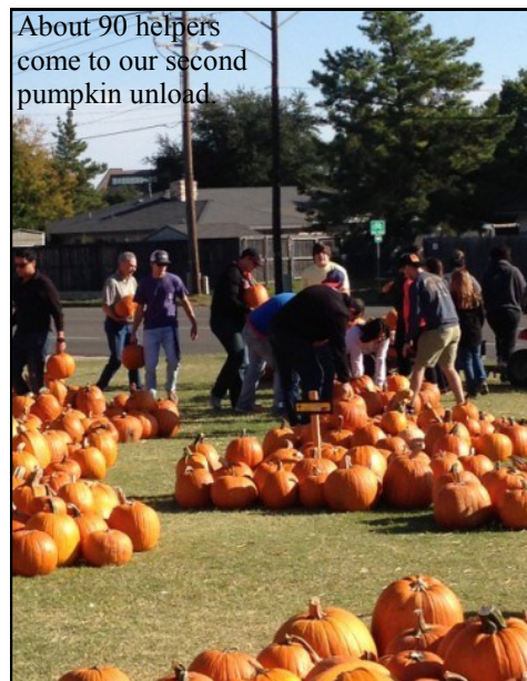
About 90 helpers come to our second pumpkin unload.
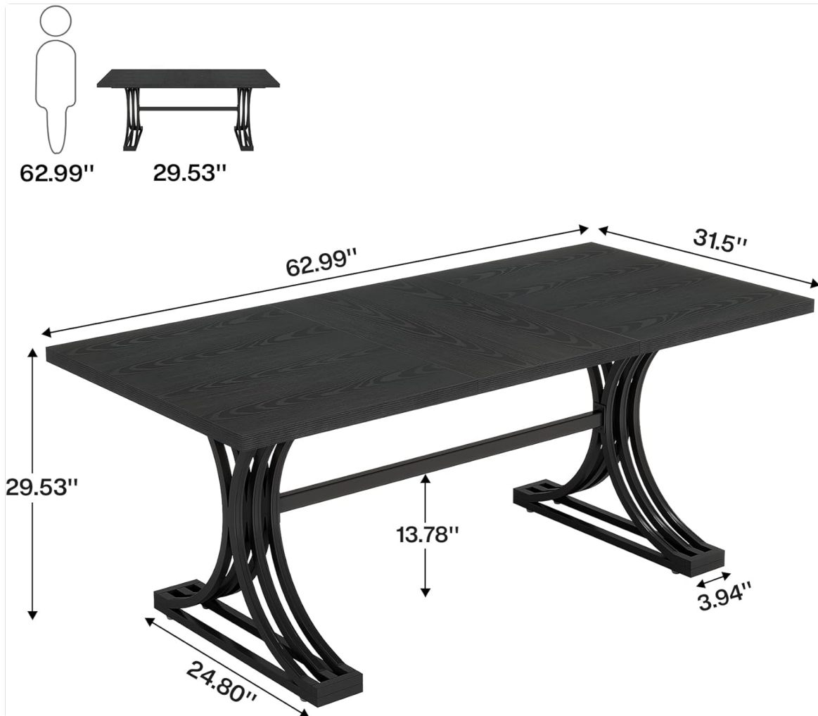
Figure 1: Desk Dimensions. This diagram illustrates the overall dimensions of the Tribesigns 63" Large Home Office Desk, including its length, width, and height, along with the spacing of the legs.
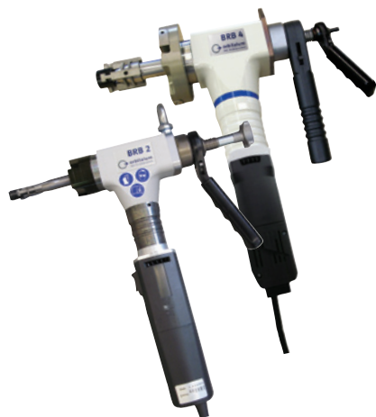
BRB 2 and BRB 4 Electric with clamping system "Standard"
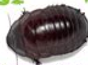
Giant Burrowing Cockroach
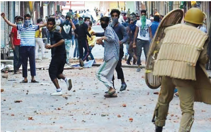
Stone Throwing in Kashmir
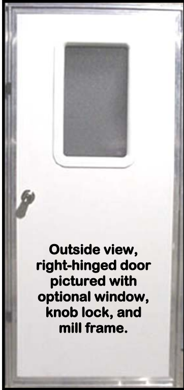
Outside view, right-hinged door pictured with optional window, knob lock, and mill frame.

Shipping Note: *RV Doors must ship by freight unless located within local delivery route area. Please contact us for an exact shipping and handling quote.
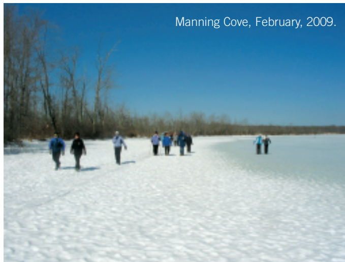
Manning Cove, February, 2009.

Twenty-eight brave souls walked on water in February to view this new 159-acre preserve. Located on the west side of Saratoga Lake just north of the Sailing Club, this wetland site is best toured in winter by snowshoe when the ground is frozen or in summer by boat. Home to muskrats, migratory waterfowl, wild rose, speckled alder, and sedges, this wonderful wild place helps filter sediments and pollutants from the incoming watershed before they reach the lake. The Winter Festival, lake neighbors, and other supporters have contributed $9,000 for ongoing stewardship of this site; we're still $41,000 short of our goal. Please help conserve this special place by making a contribution.
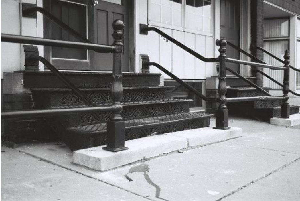
Detail view of the cast iron steps and railings.

Address _____ 526 W. 2 nd Street _____ City _____ Davenport _____
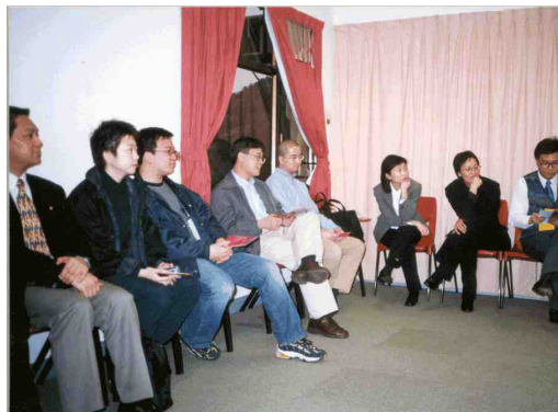
Members discussing experiential training
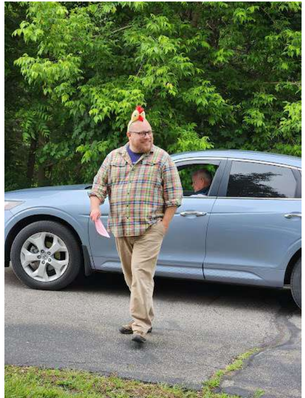
June 7th Brooks BBQ
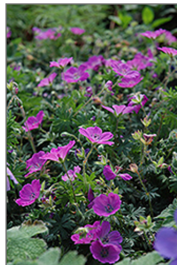
Max Frei Cranesbill flowers

This is a relatively low maintenance plant, and should only be pruned after flowering to avoid removing any of the current season's flowers. It is a good choice for attracting butterflies to your yard, but is not particularly attractive to deer who tend to leave it alone in favor of tastier treats. It has no significant negative characteristics.

§ **What is needed**: Give back exactly the lines from the one containing "Shipping Note: *RV" through the last line above, both included, and none of the pictures.

§ **Task response**:
Shipping Note: *RV Doors must ship by freight unless located within local delivery route area. Please contact us for an exact shipping and handling quote.
Manning Cove, February, 2009.

Twenty-eight brave souls walked on water in February to view this new 159-acre preserve. Located on the west side of Saratoga Lake just north of the Sailing Club, this wetland site is best toured in winter by snowshoe when the ground is frozen or in summer by boat. Home to muskrats, migratory waterfowl, wild rose, speckled alder, and sedges, this wonderful wild place helps filter sediments and pollutants from the incoming watershed before they reach the lake. The Winter Festival, lake neighbors, and other supporters have contributed $9,000 for ongoing stewardship of this site; we're still $41,000 short of our goal. Please help conserve this special place by making a contribution.
Detail view of the cast iron steps and railings.

Address _____ 526 W. 2 nd Street _____ City _____ Davenport _____
Members discussing experiential training
June 7th Brooks BBQ
Max Frei Cranesbill flowers

This is a relatively low maintenance plant, and should only be pruned after flowering to avoid removing any of the current season's flowers. It is a good choice for attracting butterflies to your yard, but is not particularly attractive to deer who tend to leave it alone in favor of tastier treats. It has no significant negative characteristics.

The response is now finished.